L’admission des témoignages anonymisés dans le cadre d’un contentieux prud’homal

Dans un arrêt du 19 mars 2025 la chambre sociale de la Cour de cassation vient confirmer une évolution majeure du droit de la preuve en matière prud’homale : les témoignages anonymisés peuvent désormais, dans certaines conditions strictes, être retenus comme preuve dans le cadre d’un contentieux.

La distinction entre témoignage anonyme et anonymisé est déterminante. Le premier, dont l’auteur est inconnu de toutes les parties, ne peut jamais constituer l’unique fondement d’une décision, en raison de l’atteinte au principe du contradictoire. En revanche, le témoignage anonymisé, dont l’identité est connue de la partie qui le produit mais non révélée au juge ni à la partie adverse, peut, sous certaines conditions, être déterminant.

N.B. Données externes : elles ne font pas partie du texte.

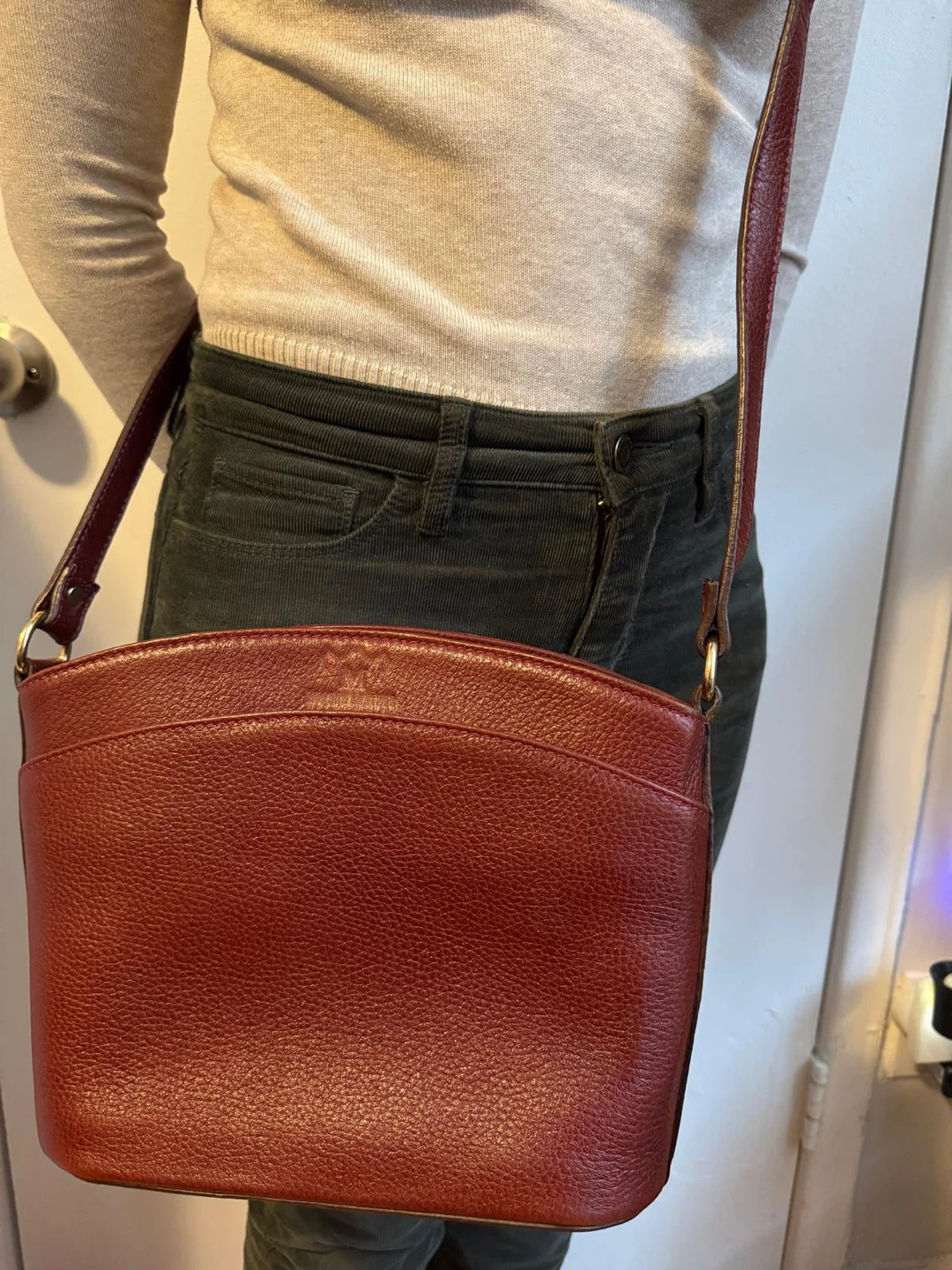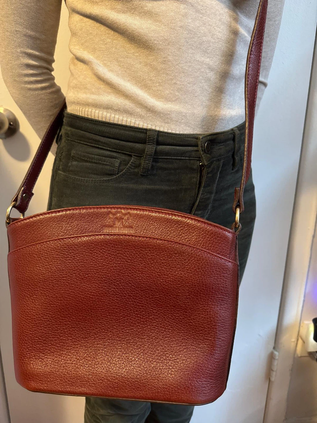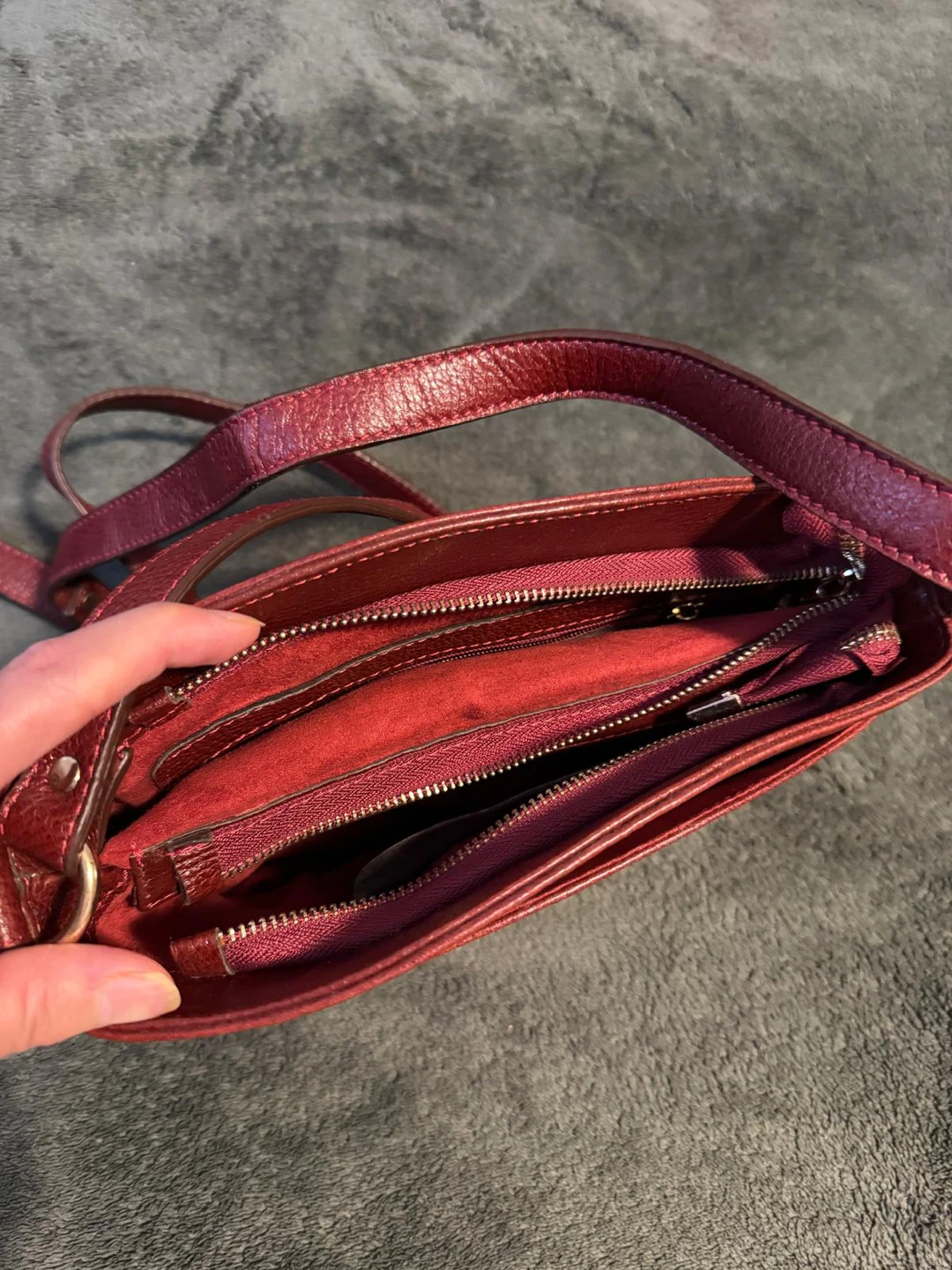Selling a stylish red real genuine leather crossbody bag. It's in great condition and perfect for everyday use! The colour is a beautiful deep red. It has different pockets to keep your stuff organized. Very high quality

Depuis plusieurs années, la Haute juridiction admet la production de preuves illicites ou déloyales, à condition que leur utilisation soit indispensable à l’exercice du droit à la preuve et que l’atteinte aux droits en présence soit proportionnée (sur ce sujet retrouvez notre article « Revirement de la Cour de Cassation sur la recevabilité des preuves : Attention toute parole pourrait être retenue contre vous ! »). Ainsi, depuis 2023 la jurisprudence prenait en considération les témoignages anonymisés, mais seulement lorsque ceux-ci étaient corroborés par d’autres éléments de preuves. Cette approche trouve ici un prolongement naturel.

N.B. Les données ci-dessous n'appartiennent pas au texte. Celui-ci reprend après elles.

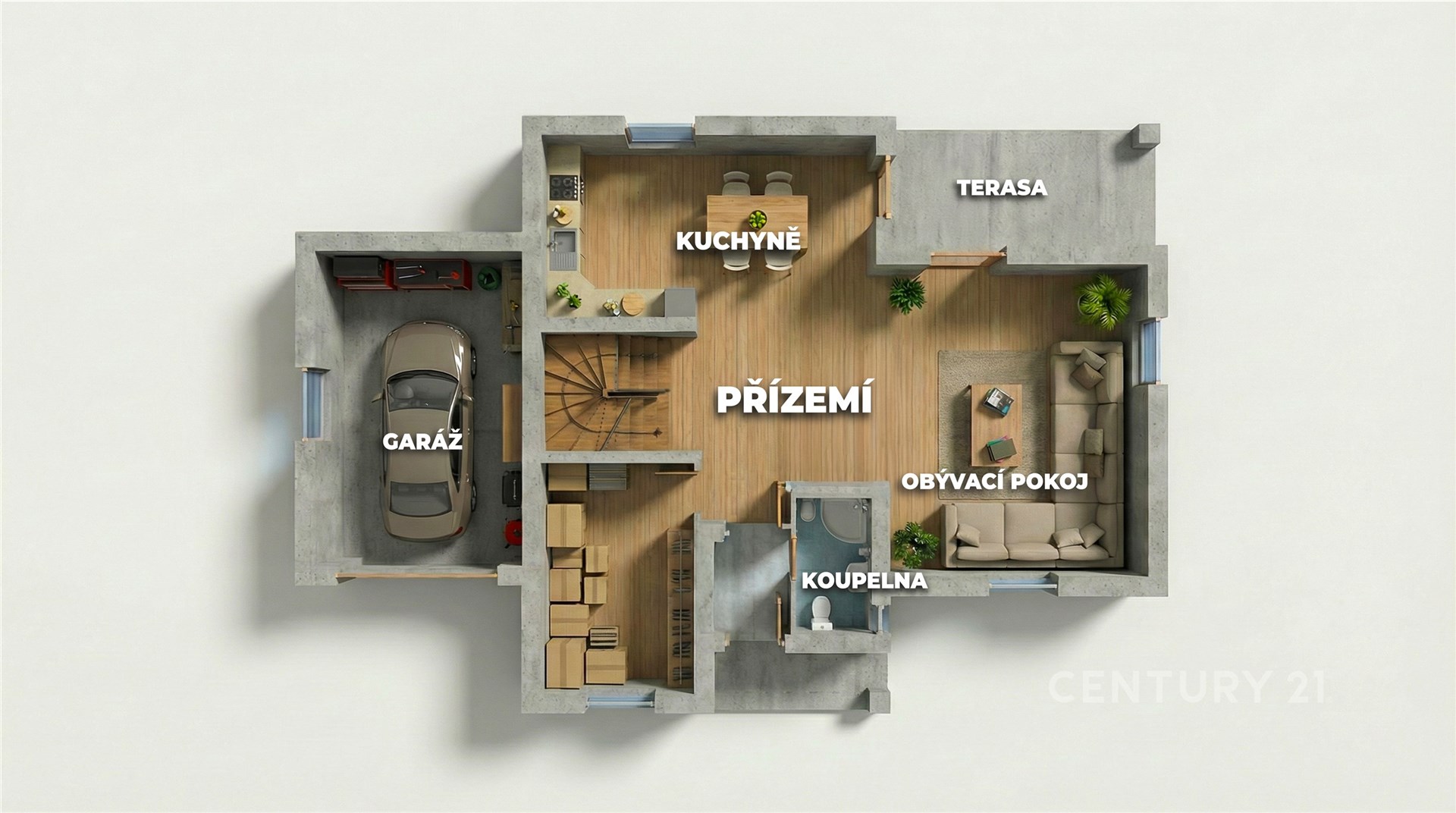 Rodinný dům o dispozici 5+kk nabízí užitnou plochu 247 m² a je situován na pozemku o velikosti 673 m². Dům je prakticky rozdělen na denní a klidovou část. V přízemí se nachází prostorný obývací pokoj o výměře 32 m², který je propojen s kuchyní a jídelnou. Samotná kuchyň má výměru necelých 23 m² a poskytuje dostatek prostoru pro komfortní vaření i rodinné stolování. Dále se zde nachází vstupní zádveří, samostatný pokoj o velikosti 13 m², koupelna s WC a přímý vstup z obývací části na terasu.

Dans l’affaire jugée, un salarié contestait son licenciement disciplinaire fondé uniquement sur de tels témoignages. La Cour d’Appel avait écarté ces preuves faute de pièces complémentaires. La Cour de cassation censure cette approche : elle rappelle que le juge doit mettre en balance les intérêts en présence (droits de la défense et obligation de sécurité de l’employeur) et précise qu’il peut retenir des témoignages anonymisés non corroborés si deux conditions cumulatives sont remplies :

  • Leur production est indispensable à l’exercice du droit à la preuve ;
  • L’atteinte aux droits procéduraux (égalité des armes, contradictoire) est strictement proportionnée au but poursuivi.

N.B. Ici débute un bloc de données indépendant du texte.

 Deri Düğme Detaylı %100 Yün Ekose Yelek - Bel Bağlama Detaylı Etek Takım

Dans cet arrêt, trois éléments ont justifié la recevabilité de tels témoignages : leur contenu avait été porté à la connaissance du salarié, permettant un débat contradictoire, ils avaient été recueillis par un huissier de justice, et les faits dénoncés s’inscrivaient dans une continuité comportementale déjà sanctionnée.

Le signal est clair : la Cour ouvre une brèche maîtrisée mais réelle dans le principe du contradictoire, au nom de la protection de la sécurité au travail. En réaffirmant l’usage des témoignages anonymisés (souvent les seuls disponibles en cas de harcèlement ou d’agissements violents) la Cour de cassation offre à l’employeur un outil précieux, tout en maintenant un strict contrôle de proportionnalité.